Keywords: Air masses; Potential adiabatic equivalent temperature; Anomalies; Argentina

1. INTRODUCCIÓN

El análisis de las masas de aire que afectan una región tuvo un gran impulso en el Hemisferio Norte durante las dos últimas décadas. Particularmente el desarrollo de los métodos de clasificación de eventos de escala sinóptica, de los cuales el análisis de las masas de aire es un ejemplo, son muy interesantes, ya que permiten examinar relaciones entre características asociadas con el comportamiento de parámetros en superficie y el clima (Kalkstein et al. 1996; Morabito 2006). Otro análisis de relevancia es el que permitió estudiar y detectar relaciones entre procesos en superficie asociados con distintas masas de aire y características del campo de circulación en la atmósfera (Christensen y Bryson 1966; Bryson 1966, Kalkstein y otros 1990; Anagnostopoulou 2004)
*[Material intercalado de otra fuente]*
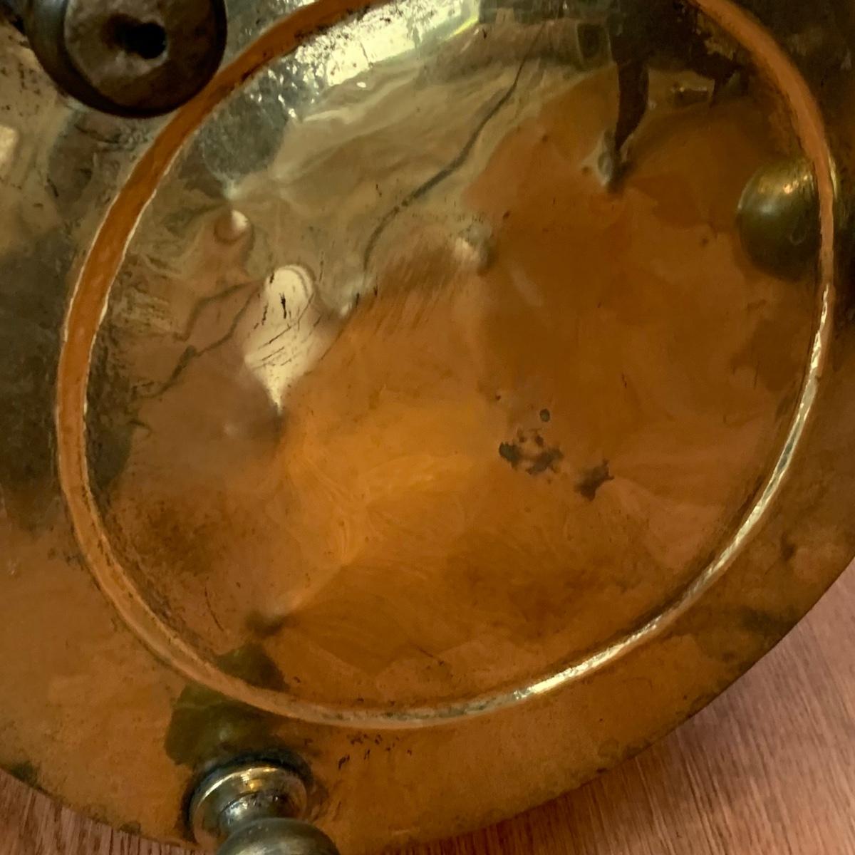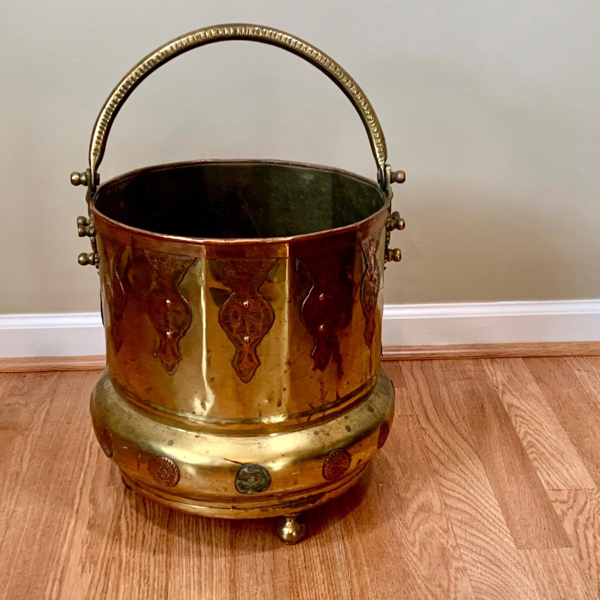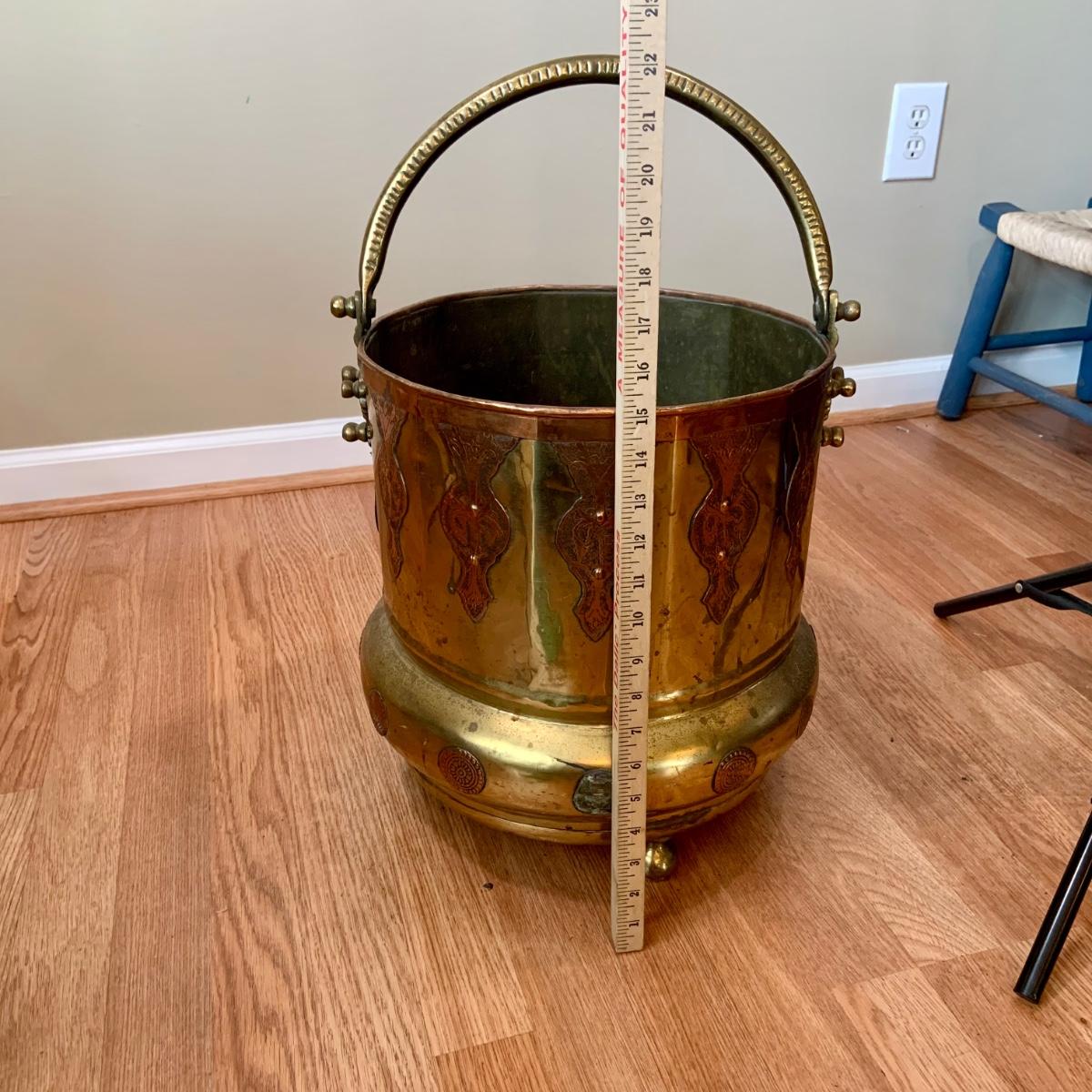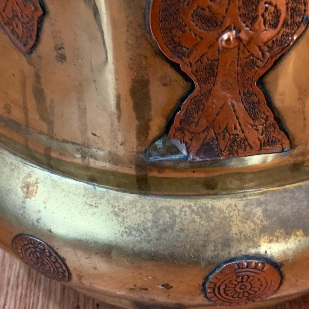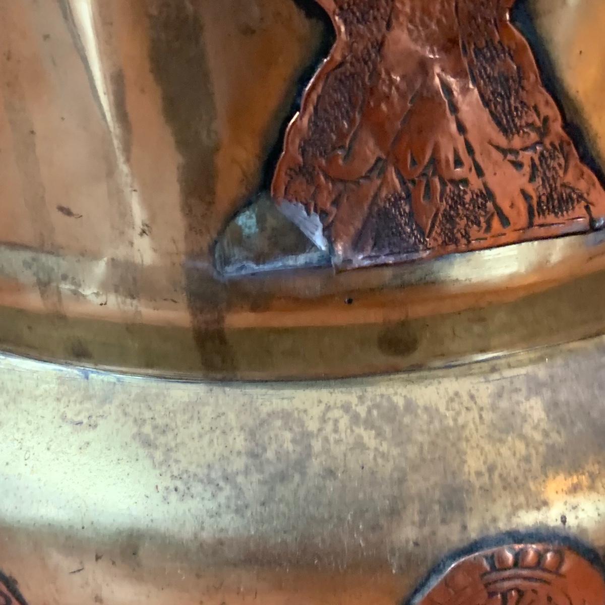 LOT:34: Antique/ Vintage Large Brass with Cooper Kettle/Cauldron with Handle and Feet.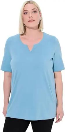 Damen große Größen Übergrößen Plus Size Shirt, doppellagige Vorderseite, Slim, Rundhals, Halbarm Blauer Flieder 62+ 810528810-62+

En la bibliografía argentina encontramos algunos estudios referidos a las masas de aire como el de Hoffmann (1971), quien entre otras cosas, determinó los valores climáticos de masas de aire que afectan el noreste argentino y las variaciones interdiurnas de temperatura y tensión de vapor originadas por los cambios de masas de aire. Encontró que el mes de julio se caracteriza por la tendencia a preservar el carácter térmico de las distintas masas de aire que afectan la región y el mes de enero por la tendencia a cambios, principalmente de temperatura, asociados a una asimilación rápida de las condiciones locales.

Scian y otros (1978) a partir de un estudio de las masas de aire en la República Argentina, analizaron la distribución de la temperatura potencial adiabática equivalente en el nivel de 850 hPa., encontrando que en nuestro país prevalecen las masas de aire advectadas desde otros orígenes y que el nordeste de la Argentina es una zona de transición entre las irrupciones de masas de aire frío del sur, aire retrógrado y calentado desde el norte y masas de aire tropical.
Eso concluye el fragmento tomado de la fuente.